Is this something to do with preventing global warming?
Awesome video footage seeing Sketchpad in operation.
http://www.youtube.com/watch?v=mOZqRJzE8xg
They should never have made this award!
Did nobody notice the images in the Wiki entry were Sketchpad-Apple.jpg?
Everybody manufacturing computers for interactive use can now expect to be sued into oblivion!
I recommend watching this video of Sketchpad narrated by Alan Kay. You have to remember this is from 1963. It demonstrated copy and paste, rotation and scaling, a pointer based graphical interface, and more. Pretty damn impressive.
Is the source code of Sketchpad available?
They were busy with your momma.
Ivan Sutherland, still alive and working at 74. Wow.
Awesome video footage seeing Sketchpad in operation.
http://www.youtube.com/watch?v=mOZqRJzE8xg
Gee Steve Jobs looked different back then....
Was this before he invented air and water, or after? ;-)
I thought that seemed curious too. Also, why was this 'daring'? I'm not being a troll and I didn't read TFA, but it seems inevitable that given the tools, someone would've made a paint program.
It's a vector graphics program more closely related to Inkpad or even CAD programs than to Paint.
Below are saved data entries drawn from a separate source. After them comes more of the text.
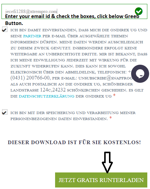 أدخل عنوان بريدك الإلكتروني ، ووافق على الشروط ، وانقر على “تنزيل الآن” (Jetz Gratis Runterlanden).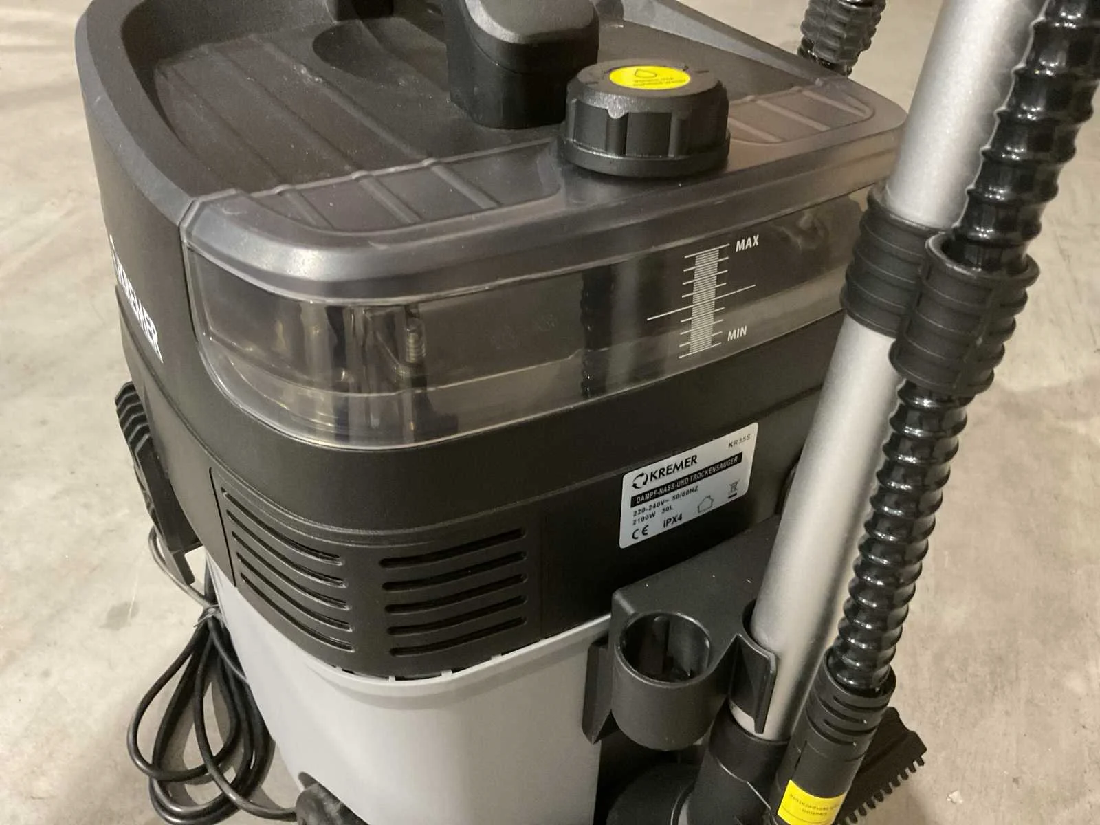 Voorzien van nat en droog functie; bescherming tegen oververhitting; Nat- en droog stofzuiger; Stoom functie; Sproei functie; Inhoud 30 Liter; Kunststof Ketel; 2100W; 2 Zwenkwielen; 2 Starre wielen spray en zuig functie; Ongebruikt in doos (Afmeting transport verpakking 615x435x545 mm lxbxh, gewicht 13.8 kg) Merk: Kremer Type: KR35S Bouwjaar: 2025 Capaciteit.: 30l/hr Mobiel: true Vermogen: 2100kW Aansluiting: 220V Eigen gewicht: 13.8kg Totale afmeting L: 615mm Totale afmeting Breedte: 435mm Totale afmeting Hoogte: 545mm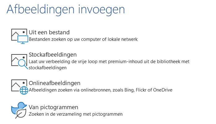 Het is in Word-formulieren ook mogelijk om als ontvanger een afbeelding toe te voegen. In onze taartenactie geven we 1 euro korting aan mensen die een enthousiaste foto van zichzelf toevoegen. Gebruik hiervoor het Inhoudsbesturingselement voor afbeeldingen. De ontvanger kan dan een foto plaatsen op vier manieren: uit een bestand op de computer of netwerk, een stockafbeelding, een onlineafbeelding (Bing, Flickr of OneDrive) of pictogrammen. Voor ons doel is alleen de eerste optie interessant.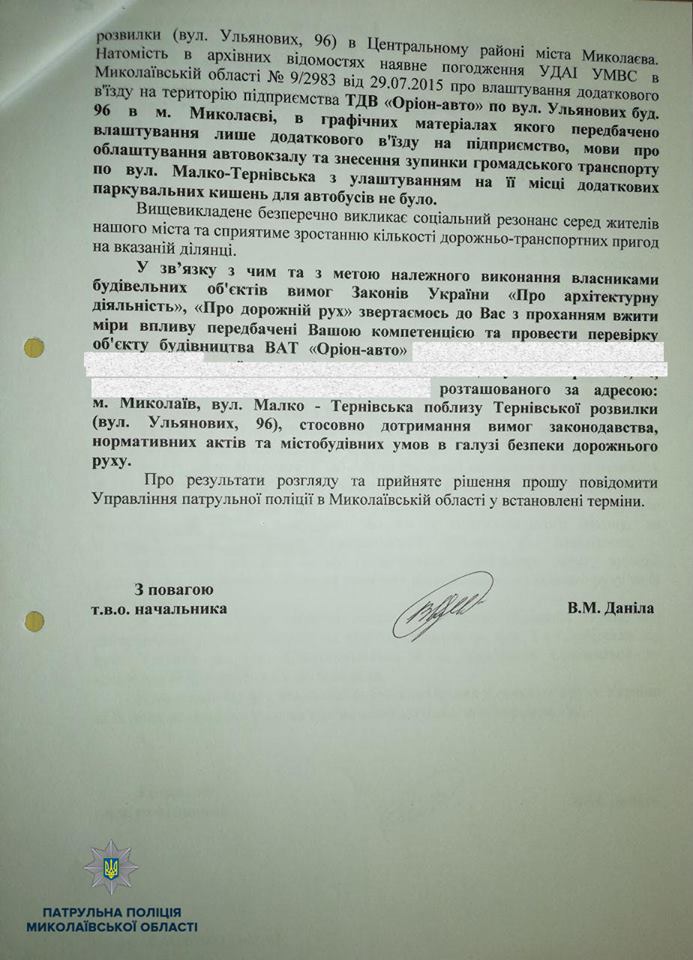 При проведении обследования улиц и дорог Николаева патрульные полицейские выявили факт незаконного строительства магазина. При этом строительство его парковочных «карманов» было начато непосредственно на месте существующей остановки общественного транспорта.

It was written in a time where there was no computer graphics, let alone graphical user interfaces, and the output was basically an analogue oscilloscope. And he built a lot of the technology, including a new high-level proto-OOP language, himself in less than a year.
Yeah, but other than that...
This is a great story, and it's wonderful to hear Mr Sutherland still actively tackling computational problems when others have put their feet up.
I've looked around for an implementation of Sketchpad to build and study, but have never found anything. Has no-one ever recreated it? I don't mean a modern CAD do-everything application, but an honest-to-gosh 100% faithful simulation, with 'hen-chicken' node relationships and a simulated bank of pushbuttons. I've thought about writing one myself (in C#, Javascript, whatever) but the available documentation tantalisingly doesn't seem to present enough detail to do it.... someone please tell me I am wrong.
I worked at Evans & Sutherland while they were busy driving themselves under. They had completely lost touch with what being a graphics company was. The board didn't seem to understand that desktop graphics solutions were advancing at a rate that they weren't matching and since "we're far ahead right now, so that's good enough" they didn't even give credence to the idea that cheap desktop cards would surpass their multi-million dollar graphics systems in the near future. Nobody would even listen.
was written in assembly language for the Lincoln Labs TX-2. Ivan has been asked by many people for the code and as far as I know he has never released it.